# Data Wrangler Feature Store Notebook

Use this notebook to create a feature group and add features to an offline or online
feature store using a Data Wrangler .flow file.

A single *feature* corresponds to a column in your dataset. A *feature group* is a predefined
schema for a collection of features - each feature in the feature group has a specified data
type and name. A single *record* in a feature group corresponds to a row in your datataframe.
A *feature store* is a collection of feature groups.

This notebook uses Amazon SageMaker Feature Store (Feature Store) to create a feature group
and ingest data into feature store. To learn more about SageMaker Feature Store, see
[Amazon Feature Store Documentation](http://docs.aws.amazon.com/sagemaker/latest/dg/feature-store.html).

To create a feature group, you will create the following resources:
* A feature definition using a schema, record identifier, and event-time feature name.
* An online or offline store configuration.

You will use a processing job to process your data at scale and ingest the data into this feature group.

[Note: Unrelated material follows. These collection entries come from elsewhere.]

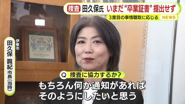 学歴詐称問題に端を発し警察から捜査されている静岡県伊東市の田久保眞紀 前市長が2月17日、3度目の任意聴取を受けました。引き続き、卒業証書の提出には応じていません。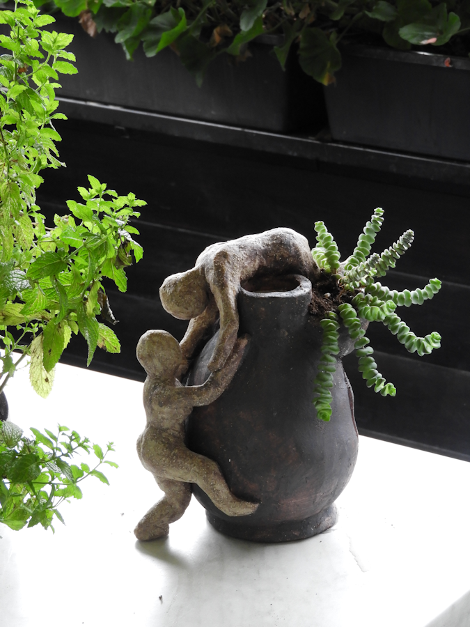 Die drei letzten Werke sind das Wintersonnengesicht, die distinguierte Katze (nach einer Idee von Mitchell Grafton,), und die Helpvase, mit einem kleinen succulent bepflanzt ![]()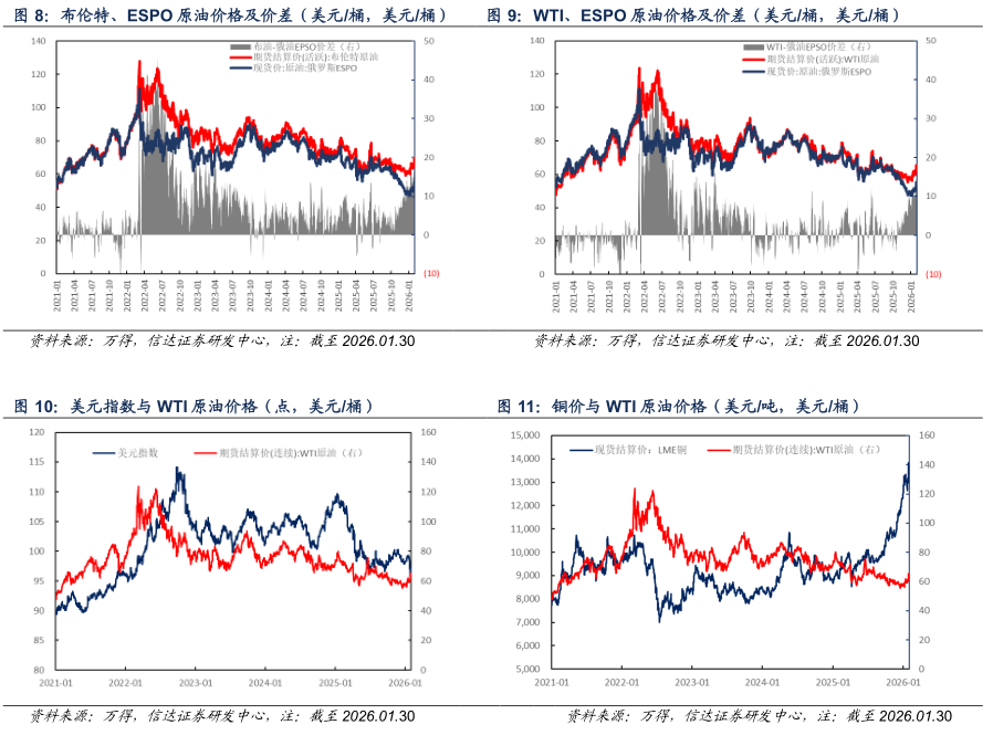 原油价格:截至2026年01月30日当周,布伦特原油期货结算价为69.32美元/桶,较上周上升4.25美元/桶(+6.53%);WTI原油期货结算价为65.21美元/桶,较上周上升4.14美元/桶(+6.78%);俄罗斯Urals原油现货价为65.49美元/桶,与上周持平;俄罗斯ESPO原油现货价为55.46美元/桶,较上周上升4.42美元/桶(+8.66%)。

First, use the following cell to install dependencies.

In [None]:
# SageMaker Python SDK version 2.x is required
import sagemaker
import subprocess
import sys

original_version = sagemaker.__version__
if sagemaker.__version__ != "2.17.0":
    subprocess.check_call(
        [sys.executable, "-m", "pip", "install", "sagemaker==2.17.0"]
    )
    import importlib
    importlib.reload(sagemaker)

In [None]:
import os
import uuid
import json
import time
import boto3
import sagemaker

## Parameters
The following lists configurable parameters that are used throughout this notebook.

In [None]:
# S3 bucket for saving processing job outputs
# Feel free to specify a different bucket here if you wish.
sess = sagemaker.Session()
bucket = sess.default_bucket()
prefix = "data_wrangler_flows"
flow_id = f"{time.strftime('%d-%H-%M-%S', time.gmtime())}-{str(uuid.uuid4())[:8]}"
flow_name = f"flow-{flow_id}"
flow_uri = f"s3://{bucket}/{prefix}/{flow_name}.flow"

flow_file_name = "99_transform_star_rating_to_sentiment.flow"

iam_role = sagemaker.get_execution_role()

container_uri = "663277389841.dkr.ecr.us-east-1.amazonaws.com/sagemaker-data-wrangler-container:1.0.2"

# Processing Job Resources Configurations
processing_job_name = f"data-wrangler-feature-store-processing-{flow_id}"
processing_dir = "/opt/ml/processing"

# URL to use for sagemaker client.
# If this is None, boto will automatically construct the appropriate URL to use
# when communicating with sagemaker.
sagemaker_endpoint_url = None

## Push Flow to S3
Use the following cell to upload the Data Wrangler .flow file to Amazon S3 so that
it can be used as an input to the processing job.

In [None]:
# Load .flow file
with open(flow_file_name) as f:
    flow = json.load(f)

# Upload to S3
s3_client = boto3.client("s3")
s3_client.upload_file(flow_file_name, bucket, f"{prefix}/{flow_name}.flow")

print(f"Data Wrangler Flow notebook uploaded to {flow_uri}")

## Create Feature Group

In [None]:
feature_group_name = f'FG-{flow_name}'
print(f"Feature Group Name: {feature_group_name}")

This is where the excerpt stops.